By following the method for analyzing the coagulation phenomenon of the spinning solution of the present invention, it is possible to predict in advance the high and low coagulation speed of the spinning solution during the carbon fiber manufacturing process. Accordingly, since the optimal spinning solution suitable for the actual coagulation process can be selected, high-quality carbon fiber can be manufactured without changing the process conditions.

1 is a perspective view schematically showing a storage modulus measurement device according to an embodiment of the present invention.
Figure 2 is a main sectional view schematically showing the state in which the operating part is installed in the container part of Figure 1.
Figure 3 is a main sectional view schematically showing the state in which the coagulation solution is injected into the container part of Figure 2.
Figure 4 shows the value of the storage elastic modulus of the spinning solution in Examples 1 to 5 in a log scale graph over time.
Figure 5 shows the value of the storage elastic modulus of the spinning solution in Comparative Examples 1 to 3 in a log scale graph over time.

Hereinafter, the present invention will be described in more detail to facilitate understanding of the present invention.

Terms or words used in this specification and claims should not be construed as limited to their common or dictionary meanings, and the inventor may appropriately define the concept of terms in order to explain his or her invention in the best way. It must be interpreted with meaning and concept consistent with the technical idea of the present invention based on the principle that it is.

In the present invention, the skin-core structural shape refers to a shape in which shade differences and boundaries between the center and the outer portion are clearly observed due to structural unevenness in the radial direction on the cross-section of the fiber. This structure is mainly formed in environments where the diffusion rate of oxygen supplied from the surface of the fiber to the interior is slow or the removal of heat generated at the center of the fiber is not smooth.

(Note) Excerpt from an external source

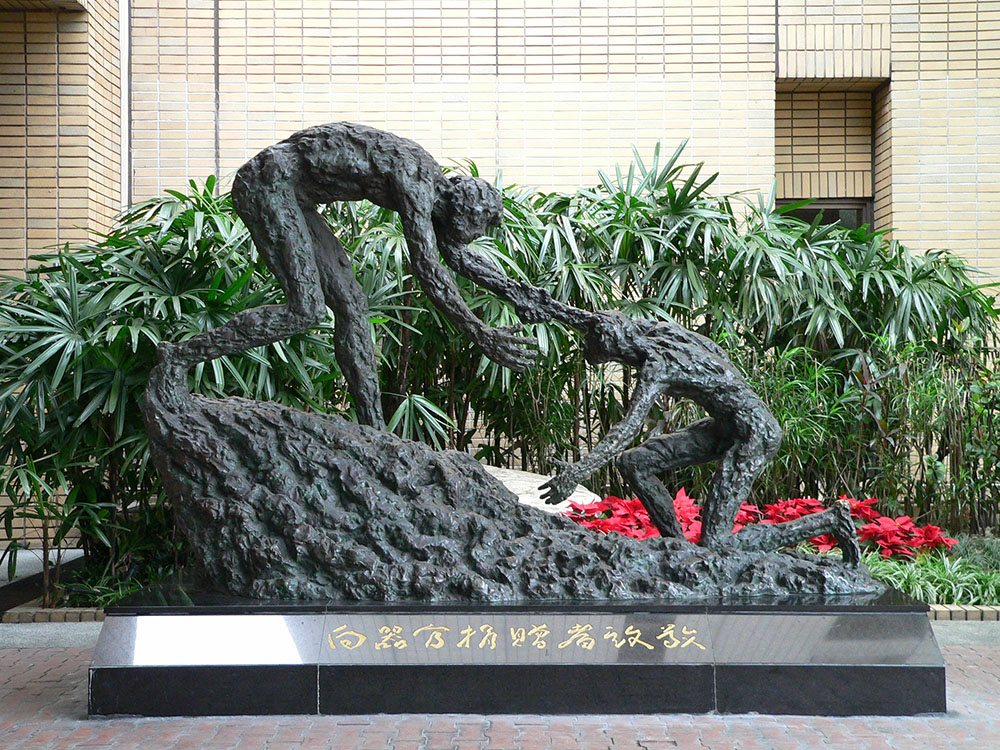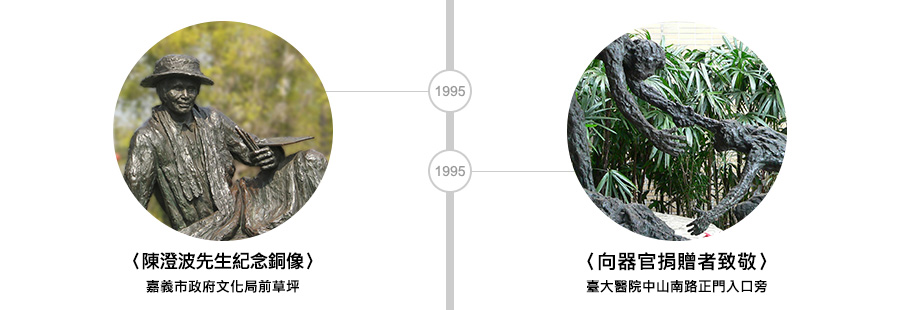 配合台大醫院百年慶典受託而塑造此作。作品把捐獻器官的犧牲者塑造為巨人與英雄,而把受贈者描述得軟弱無力,以突顯其精神的偉大及悲天憫人的人道精神。台坐上「向器官捐贈者致敬」的字跡亦為作者所書寫。作品置於台大醫院新大樓門口右側,人物的腳部現已被病人及民眾的手撫摸得有銅的亮光。

In the present invention, the rate of change in the storage modulus of the spinning solution can be derived using equipment that combines a rheometer (manufacturer: TA instruments, product name: DHR-2) with a directly manufactured solidification rate measurement device.

1. Analysis method for coagulation phenomenon of radioactive solution

The method for analyzing the coagulation phenomenon of a spinning solution according to an embodiment of the present invention is 1) passing the coagulation solution containing a polymer incompatibility solvent through the spinning solution containing an acrylonitrile-based polymer and a polymer affinity solvent in one direction. Measuring the storage modulus of the spinning solution; 2) outputting the measured storage modulus value as a log scale graph according to time change; 3) deriving the rate of change of the storage modulus of the spinning solution over time from the graph from the time the phase transition of the spinning solution is initiated until 55 to 70 seconds have elapsed; and 4) predicting the high and low solidification speed of the spinning solution from the magnitude relationship between the rate of change of two or more storage moduli derived above.

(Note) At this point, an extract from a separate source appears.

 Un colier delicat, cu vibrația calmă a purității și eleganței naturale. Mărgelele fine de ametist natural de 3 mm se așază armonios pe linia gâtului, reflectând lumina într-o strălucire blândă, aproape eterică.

Hereinafter, a method for analyzing the coagulation phenomenon of an acrylonitrile-based polymer according to an embodiment of the present invention will be described.

Level 1

First, the storage modulus of the spinning solution containing an acrylonitrile-based polymer and a polymer affinity solvent is measured while passing a coagulation solution containing a polymer incompatibility solvent through one side.

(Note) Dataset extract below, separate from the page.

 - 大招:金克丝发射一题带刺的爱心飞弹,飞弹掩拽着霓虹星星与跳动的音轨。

Since the coagulation solution is passed through the spinning solution in one direction, that is, a phase transition rather than gelation of the acrylonitrile-based polymer contained in the spinning solution may occur. Specifically, when the coagulation solution is passed through the spinning solution in one direction, solvent exchange occurs at the interface between the polymer affinity solvent and the polymer non-affinity solvent, and the polymer affinity solvent contained in the spinning solution escapes into the coagulation solution. It moves. In addition, since the polymer-incompatible solvent does not dissolve the acrylonitrile-based polymer, an acrylonitrile-based polymer coagulum may be formed.

Meanwhile, the spinning solution may contain 10 to 40% by weight, 15 to 35% by weight, or 20 to 30% by weight of the acrylonitrile-based polymer, and preferably contains 20 to 30% by weight. If the above-mentioned range is satisfied, the viscosity of the spinning solution can be maintained at a level that can easily perform the fiberization process, and the stability can be further improved because the change in viscosity of the spinning solution over time is small.

The acrylonitrile-based polymer contained in the spinning solution is an acrylonitrile-based homopolymer in which acrylonitrile-based monomers are polymerized alone, or an acrylonitrile-based monomer, a carboxylic acid-based monomer, and an alkyl (meth)acrylic polymer. It may be a copolymer obtained by copolymerizing one or more comonomers selected from the group consisting of rate-based monomers.

The polymer affinity solvent is not particularly limited as long as it can dissolve the acrylonitrile-based polymer. The polymer affinity solvent may be selected from the group consisting of dimethyl sulfoxide, dimethylformamide, and dimethylacetamide, of which dimethyl sulfoxide is preferable. Additionally, the polymer affinity solvent may be included in the remaining amount so that the total weight of the spinning solution is 100% by weight.

The spinning solution may further contain ammonia water to adjust pH.

The polymer incompatibility solvent is not particularly limited as long as it can promote coagulation of the acrylonitrile-based polymer contained in the spinning solution. The polymer incompatibility solvent may be water.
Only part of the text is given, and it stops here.